Writers cannot seem to speak out loud without compromising themselves—even printed rather than recorded interviews are suspect. (To pick up a pen and write something down takes a minimum of seriousness, even if all you are doing is recording a joke you heard. Corollary: There is something discordant about a person who laughs while writing [to say nothing about the writing].)
BarBar: What is a writer, to you?
Zane Perdue: To me, a writer (to paraphrase Walter Benjamin in his radio piece on Cagliostro) is someone whose powers of observation have ascendancy over the mere firmness or correctness of their point of view.
(You close the window to see the people outside more clearly, their bodies, dress, expressions, and movements, beautiful and endearing in both their unselfconsciousness or their self-consciousness, conveying those open secrets that speech vies to occlude.)
The greatest orators are mediocre writers, and when the writer starts telling a story to a handful of listeners, even if these are sympathetic friends, he goes along as if over a narrow, exposed bridge crossing a flowing moat of everything in him that is insufferable. (Kirilov in Demons: “He seemed rather thoughtful and absent-minded, spoke jerkily and ungrammatically, transposing words in rather a strange way, and getting muddled if he attempted a sentence of any length.”1)
Writers should be, above all, observers and listeners, which is why hearing them speak—especially of their own work—is often repellent. During a reading, e.g., someone other than the author should read the work at hand. (Doesn’t seeing a painter at their own opening skew things in a weird direction disgust you?)
BB: What is the most detrimental to your writing progress? (E.g., Is it distractions? Plotting? Revisions? The blank page? The finishing? The size of your audience?)
ZP: The most detrimental thing to the process of writing in general, in my opinion, is the notion of inspiration. Of course, we no longer see inspiration as something that is put in us from without, e.g., by God. Instead, inspiration has become so psychologized that it is even more difficult to get away from than when God was striking it into the hearts of geniuses. I am convinced that inspiration is the ultimate spook.
I can already hear what a critic of this position would say. (And that is my point.)
We do not know how to speak with the economy of the hand: the voice is necessarily overwhelming.
(When Korah and the Levites are swallowed by the earth in Numbers, this is just the other side of the voice of God, which has come to the point where speaking is no longer sufficient).
BB: We all have strengths and weaknesses in our writing, what are yours?
ZP: The weak point in my writing (and I do not think I am alone in this) is that I often seem to want to say the last word first. Any strengths I might have derive from the degree to which I am able to remember this weakness.

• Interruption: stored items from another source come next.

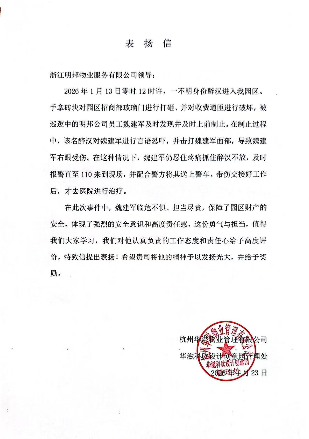 2026 年 1 月 13 日凌晨,一名醉汉闯入园区打砸设施。正在巡逻的魏建军同志第一时间上前制止,面对醉汉的暴力袭击,他右眼受伤仍死死控制住对方,直到协助警方将人带走,交接完工作才去医院治疗。他用血肉之躯守护了园区安全,用行动诠释了 “责任在肩、使命必达” 的职业精神。
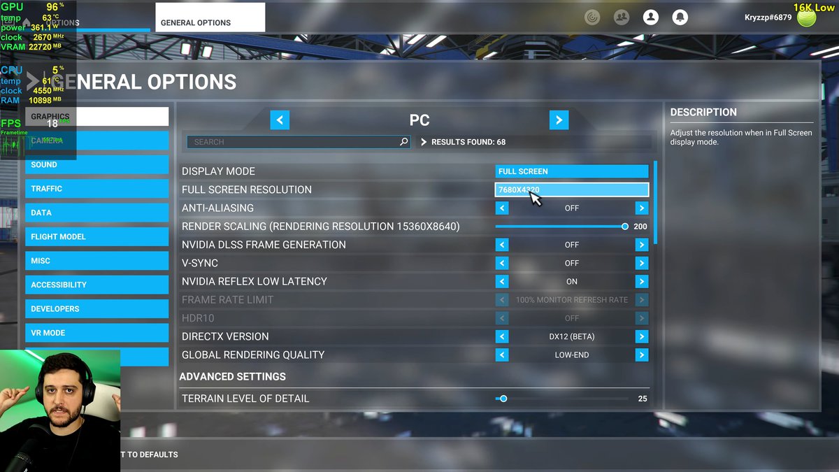 В разрешении 8K GeForce RTX 4090 справляется с Microsoft Flight Simulator достаточно уверенно: можно получить 30 кадров в секунду даже без использования DLSS. Разрешение 16K оказалось совсем другой историей.
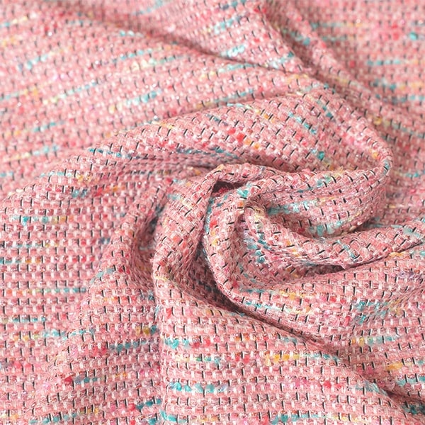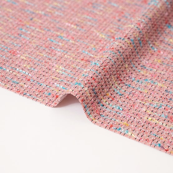 グラデーションのフラッグヤーン、多色ラメチェーンなど意匠糸ふんだん使い、豪華なファンシーツイードです。
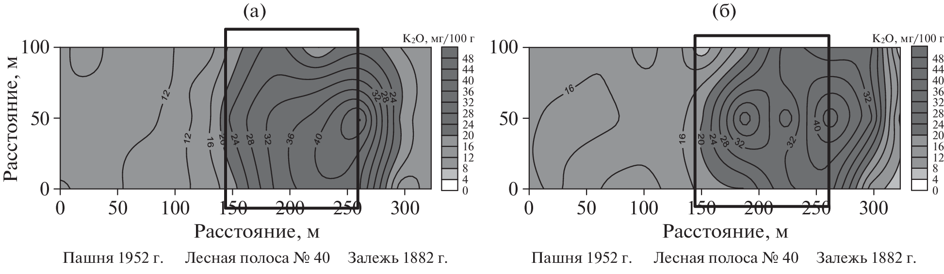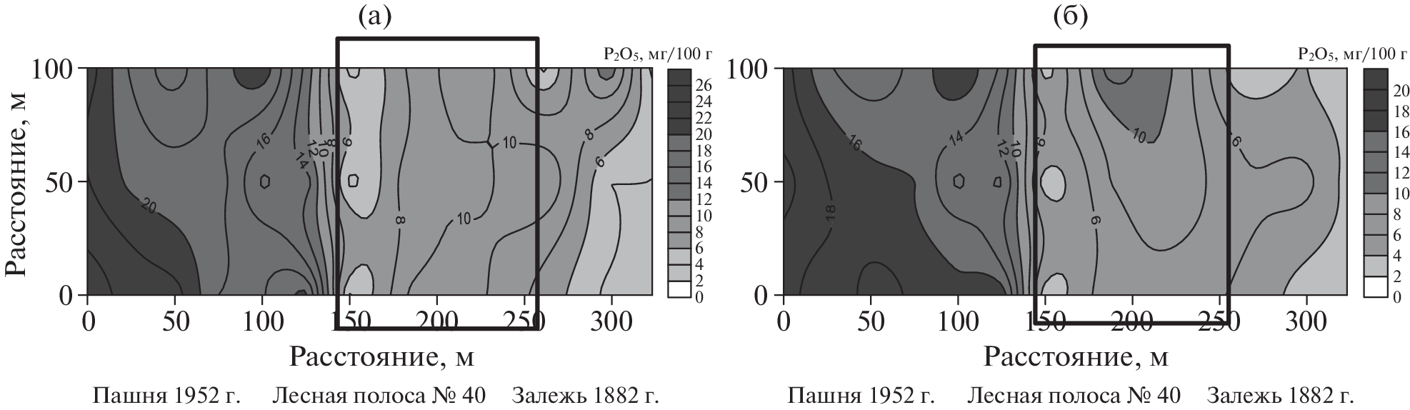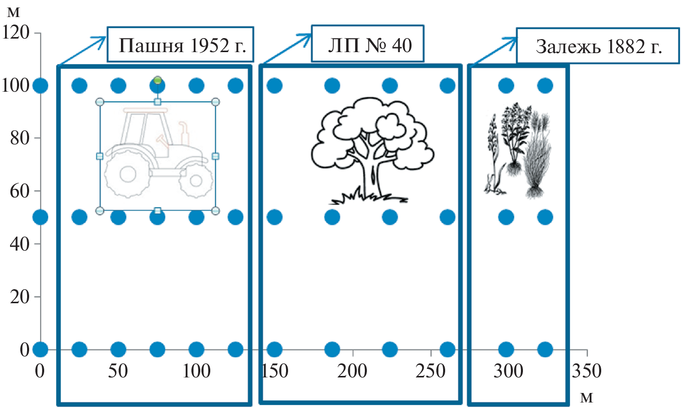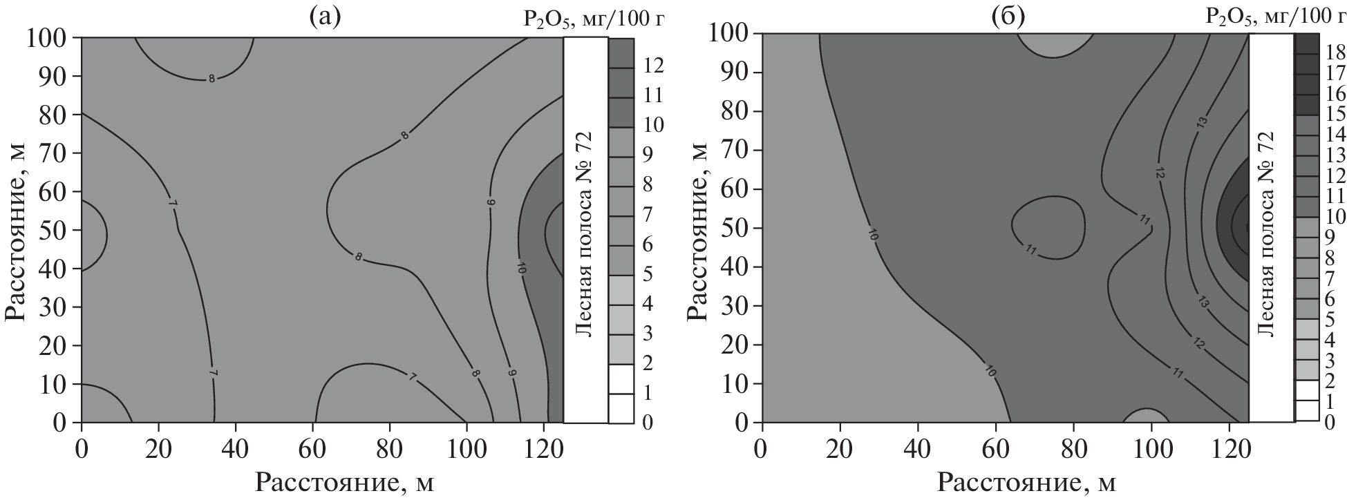 Within the framework of the program on the subject of the state task in 2021–2022, studies were conducted on changes in the indicators of effective fertility in space and time under the influence of forest strips of various landscape accessories (forest strip No. 40 on the watershed, forest strip No. 72 on the slope). All works were performed in the Voronezh FASC named after V.V. Dokuchaev. It was found that the soils of the watershed area were characterized by the greatest availability of mobile phosphorus and exchangeable potassium. The provision of soils with nitrate nitrogen during the growing season in the watershed and slope areas was at the same level. The watershed area was characterized by a decrease in the amount of mineral elements on the soils of the deposit and the edges of the forest strip No. 40. As for the forest strip itself, the maximum indicators were noted in the center of the forest strip, gradually decreasing in the direction of the edges. Considering the indicators of fertility of arable land, it was noted that they increase at a distance from the forest strip, their maximum was detected at a distance of 75–150 m from the forest strip. On the arable land adjacent to the Baltic forest strip No. 72, an increase in the content of mobile phosphorus and exchangeable potassium was noted when approaching the forest strip. The content of nitrate nitrogen, on the contrary, decreased downhill, reaching a minimum near the forest strip. It is proved that by the end of the growing season, the content of nitrate nitrogen and exchangeable potassium increased in the watershed, and the content of mobile phosphorus decreased. At the slope site, by the end of the growing season, there was an increase in all the studied fertility indicators.

In the political realm, the common sentiment of “enough talk already!” should be taken not in the anti-intellectual sense in which it is usually employed, based on the false antagonism between theory and practice (the two are inextricably entangled, as if at the quantum level), but very literally: Suppress all this talk to the dual benefit of both writing (thought) and action (also thought).
Wittgenstein: “My difficulty is only an—enormous—difficulty of expression.”
Žižek: Whereof one cannot speak one must be silent because one always says too much.2
BB: Tell us about the projects you are working on now and what’s next.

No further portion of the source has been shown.